_Records for the task_.

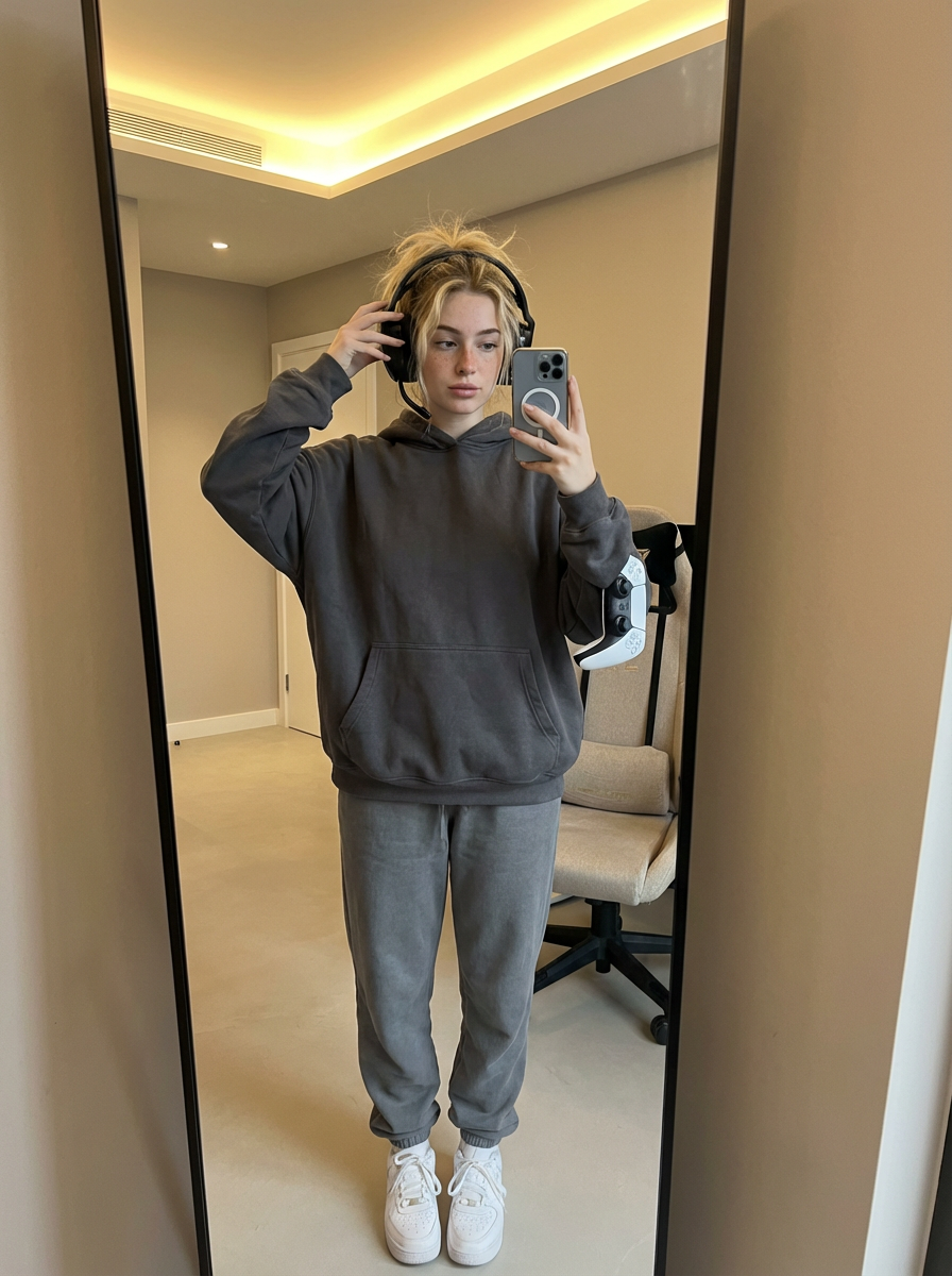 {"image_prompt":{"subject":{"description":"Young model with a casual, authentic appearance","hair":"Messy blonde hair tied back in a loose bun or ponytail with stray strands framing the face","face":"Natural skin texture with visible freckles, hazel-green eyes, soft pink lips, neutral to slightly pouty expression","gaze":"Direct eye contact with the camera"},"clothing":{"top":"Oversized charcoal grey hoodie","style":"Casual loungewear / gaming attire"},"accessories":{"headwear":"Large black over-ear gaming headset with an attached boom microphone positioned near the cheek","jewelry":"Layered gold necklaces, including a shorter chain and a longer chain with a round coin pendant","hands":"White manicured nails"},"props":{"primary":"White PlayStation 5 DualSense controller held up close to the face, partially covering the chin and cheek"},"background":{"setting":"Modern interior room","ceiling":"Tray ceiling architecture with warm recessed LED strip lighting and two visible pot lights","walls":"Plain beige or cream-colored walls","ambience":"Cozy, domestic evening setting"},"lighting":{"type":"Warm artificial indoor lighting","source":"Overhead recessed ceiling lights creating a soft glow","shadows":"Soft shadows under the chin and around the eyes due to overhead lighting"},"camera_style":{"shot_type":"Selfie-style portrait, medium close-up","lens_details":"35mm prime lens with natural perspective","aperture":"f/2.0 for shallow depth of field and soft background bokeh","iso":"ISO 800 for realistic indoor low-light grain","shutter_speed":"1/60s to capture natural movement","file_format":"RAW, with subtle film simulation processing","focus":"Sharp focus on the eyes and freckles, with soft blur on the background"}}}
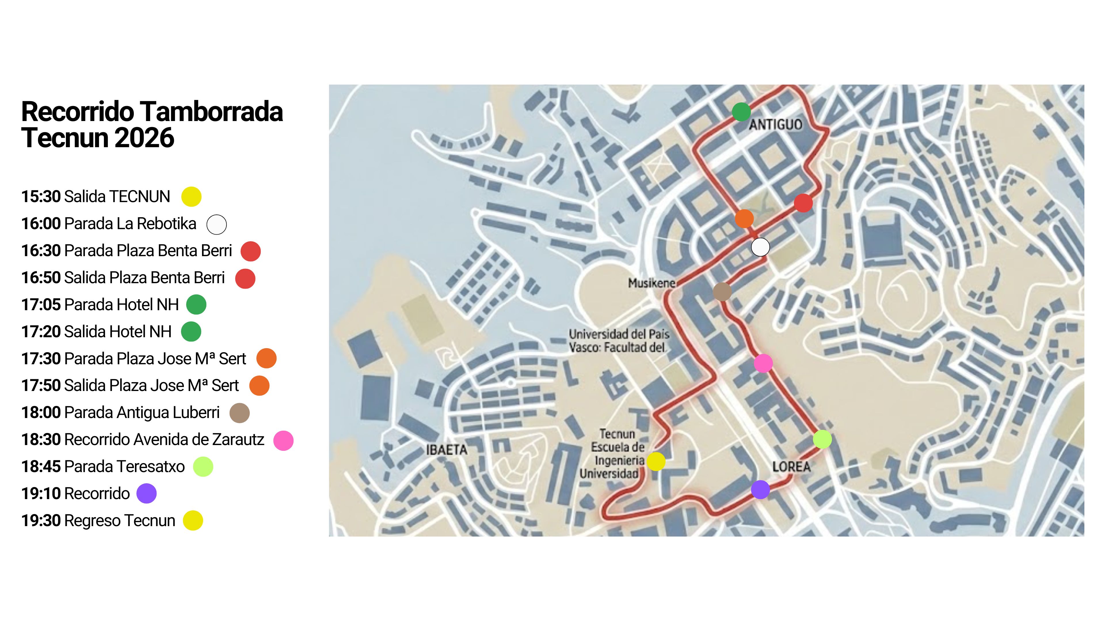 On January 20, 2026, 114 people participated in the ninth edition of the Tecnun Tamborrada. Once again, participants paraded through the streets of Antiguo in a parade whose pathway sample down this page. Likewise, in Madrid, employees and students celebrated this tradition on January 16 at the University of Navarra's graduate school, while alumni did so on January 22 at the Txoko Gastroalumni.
* * *
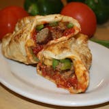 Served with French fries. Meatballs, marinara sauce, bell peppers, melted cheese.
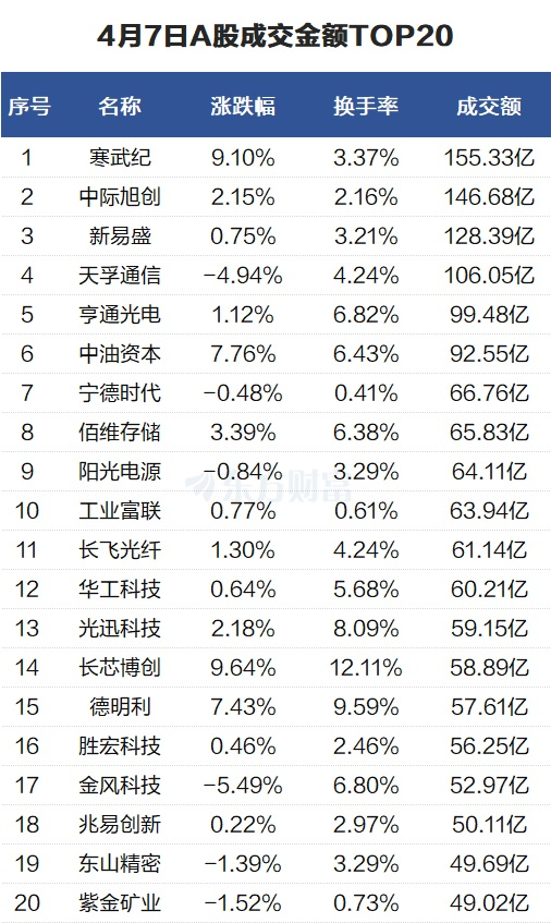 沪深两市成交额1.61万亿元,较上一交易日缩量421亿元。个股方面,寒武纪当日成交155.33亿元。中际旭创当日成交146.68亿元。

_About this exercise_. In the listing above, find the line with "Served with French" and output every line through the one with "沪深两市成交额1.61万亿元", exactly, without the pictures.

_Written reply_.
 Served with French fries. Meatballs, marinara sauce, bell peppers, melted cheese.
 沪深两市成交额1.61万亿元,较上一交易日缩量421亿元。个股方面,寒武纪当日成交155.33亿元。中际旭创当日成交146.68亿元。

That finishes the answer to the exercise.